- [Task to carry out] Beneath this line are the data; copy exactly the part of them that opens with the line containing "今日の給食は、「豚肉のオイス" and closes with the line containing "Geöffneter Zigarettenfilter vor", and only that part.

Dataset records
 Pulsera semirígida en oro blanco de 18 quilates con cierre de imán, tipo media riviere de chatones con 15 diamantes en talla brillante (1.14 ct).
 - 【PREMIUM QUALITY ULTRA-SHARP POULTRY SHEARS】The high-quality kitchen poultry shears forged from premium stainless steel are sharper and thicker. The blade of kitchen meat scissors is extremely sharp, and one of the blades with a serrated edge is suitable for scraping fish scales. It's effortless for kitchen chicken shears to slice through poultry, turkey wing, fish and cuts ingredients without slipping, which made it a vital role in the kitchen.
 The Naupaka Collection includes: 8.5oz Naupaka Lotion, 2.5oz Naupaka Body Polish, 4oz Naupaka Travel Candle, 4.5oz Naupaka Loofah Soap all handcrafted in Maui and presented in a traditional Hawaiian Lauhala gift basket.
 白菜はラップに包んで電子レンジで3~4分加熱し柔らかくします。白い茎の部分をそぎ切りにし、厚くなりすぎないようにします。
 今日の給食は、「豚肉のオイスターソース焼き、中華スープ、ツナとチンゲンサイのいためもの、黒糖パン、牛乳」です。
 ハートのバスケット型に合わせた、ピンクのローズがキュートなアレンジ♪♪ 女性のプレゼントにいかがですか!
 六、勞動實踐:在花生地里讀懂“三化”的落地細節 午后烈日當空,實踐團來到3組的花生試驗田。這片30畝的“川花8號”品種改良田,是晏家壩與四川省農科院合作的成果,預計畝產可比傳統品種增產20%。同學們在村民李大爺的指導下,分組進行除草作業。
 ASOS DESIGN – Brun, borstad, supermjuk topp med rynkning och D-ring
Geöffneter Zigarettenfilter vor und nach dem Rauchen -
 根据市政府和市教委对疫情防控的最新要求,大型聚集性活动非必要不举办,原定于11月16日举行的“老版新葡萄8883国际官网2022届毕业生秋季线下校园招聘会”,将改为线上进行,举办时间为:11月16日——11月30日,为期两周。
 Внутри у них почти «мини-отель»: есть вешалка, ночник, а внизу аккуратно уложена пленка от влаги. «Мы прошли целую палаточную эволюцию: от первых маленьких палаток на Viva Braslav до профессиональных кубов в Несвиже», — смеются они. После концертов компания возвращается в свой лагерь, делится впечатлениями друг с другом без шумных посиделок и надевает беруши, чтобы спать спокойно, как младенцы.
==
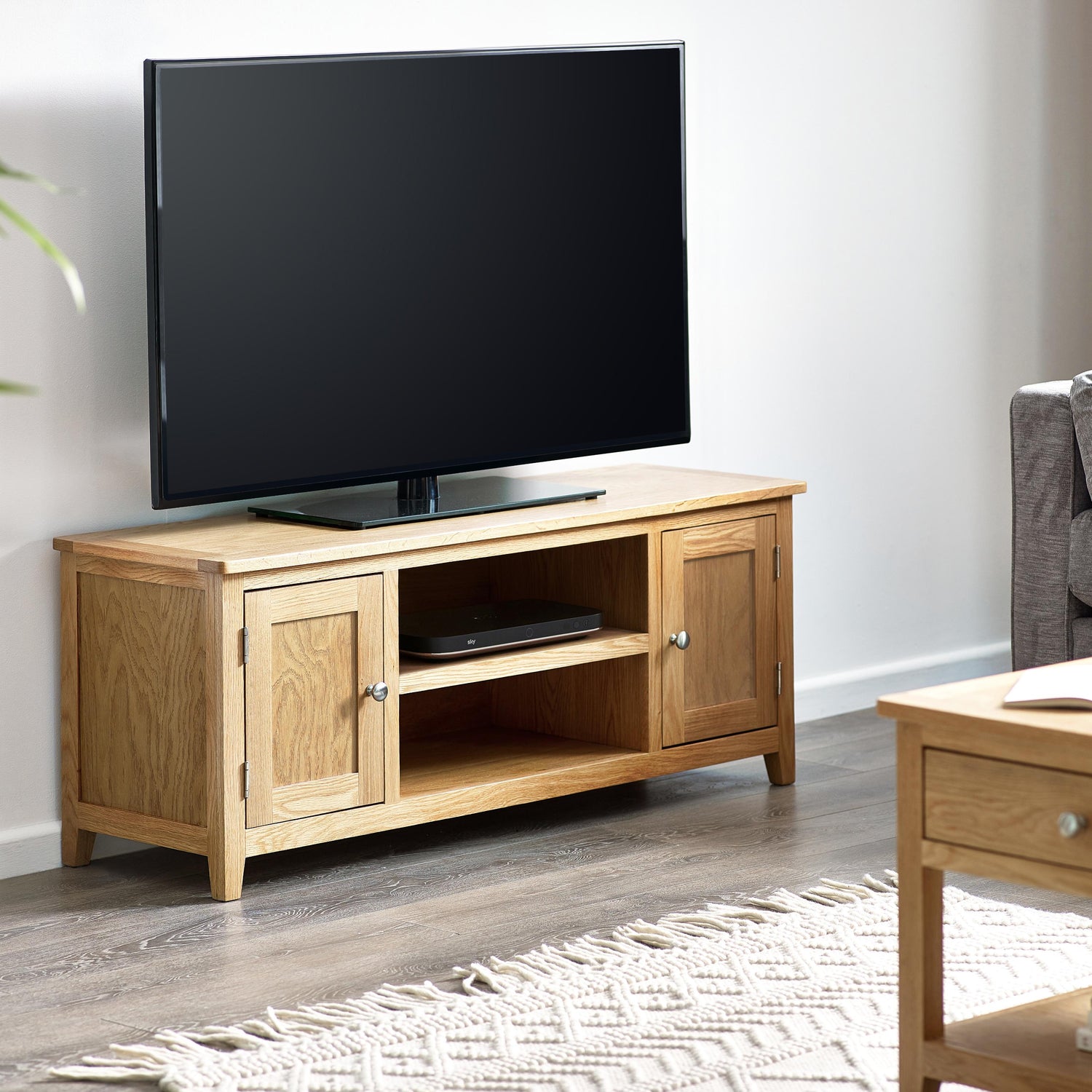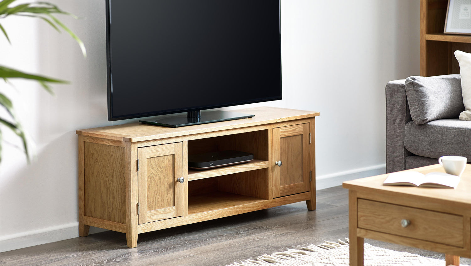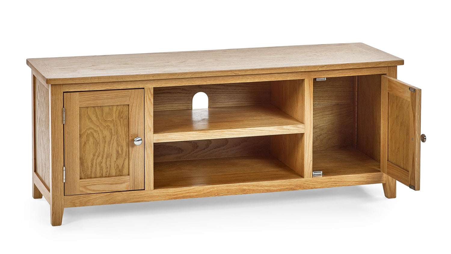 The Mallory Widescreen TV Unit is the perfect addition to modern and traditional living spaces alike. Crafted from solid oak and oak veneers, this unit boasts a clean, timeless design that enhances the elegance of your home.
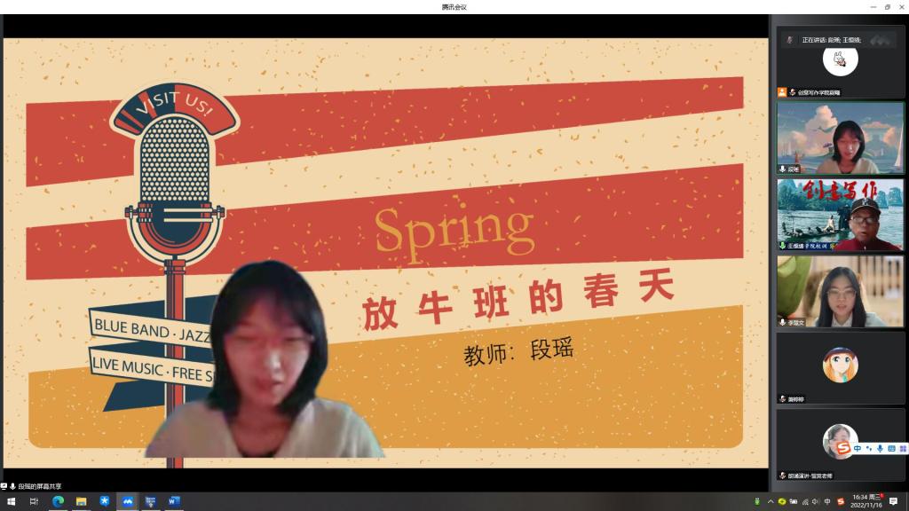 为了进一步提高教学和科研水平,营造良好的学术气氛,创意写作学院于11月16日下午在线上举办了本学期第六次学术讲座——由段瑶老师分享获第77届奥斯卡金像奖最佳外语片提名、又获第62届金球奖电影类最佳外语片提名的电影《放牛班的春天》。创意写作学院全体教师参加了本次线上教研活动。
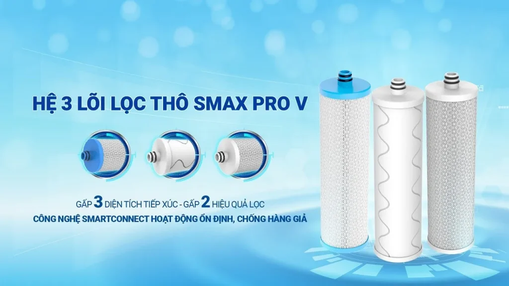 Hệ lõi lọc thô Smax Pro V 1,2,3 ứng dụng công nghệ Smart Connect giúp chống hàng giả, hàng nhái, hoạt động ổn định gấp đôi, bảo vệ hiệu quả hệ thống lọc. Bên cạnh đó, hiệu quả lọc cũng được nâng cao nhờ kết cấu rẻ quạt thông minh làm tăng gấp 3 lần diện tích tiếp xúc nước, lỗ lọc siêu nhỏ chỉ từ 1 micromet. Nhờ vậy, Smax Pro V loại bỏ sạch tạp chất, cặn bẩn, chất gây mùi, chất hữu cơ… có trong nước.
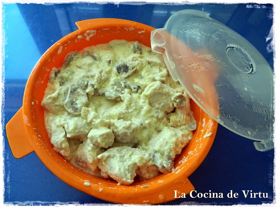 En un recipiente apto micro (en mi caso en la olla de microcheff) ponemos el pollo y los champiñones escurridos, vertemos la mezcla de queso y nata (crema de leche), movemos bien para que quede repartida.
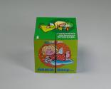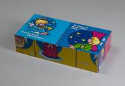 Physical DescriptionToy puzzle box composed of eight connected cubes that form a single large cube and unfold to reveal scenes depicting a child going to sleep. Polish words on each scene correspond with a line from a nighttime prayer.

- [Response to the task]
 今日の給食は、「豚肉のオイスターソース焼き、中華スープ、ツナとチンゲンサイのいためもの、黒糖パン、牛乳」です。
 ハートのバスケット型に合わせた、ピンクのローズがキュートなアレンジ♪♪ 女性のプレゼントにいかがですか!
 六、勞動實踐:在花生地里讀懂“三化”的落地細節 午后烈日當空,實踐團來到3組的花生試驗田。這片30畝的“川花8號”品種改良田,是晏家壩與四川省農科院合作的成果,預計畝產可比傳統品種增產20%。同學們在村民李大爺的指導下,分組進行除草作業。
 ASOS DESIGN – Brun, borstad, supermjuk topp med rynkning och D-ring
Geöffneter Zigarettenfilter vor und nach dem Rauchen -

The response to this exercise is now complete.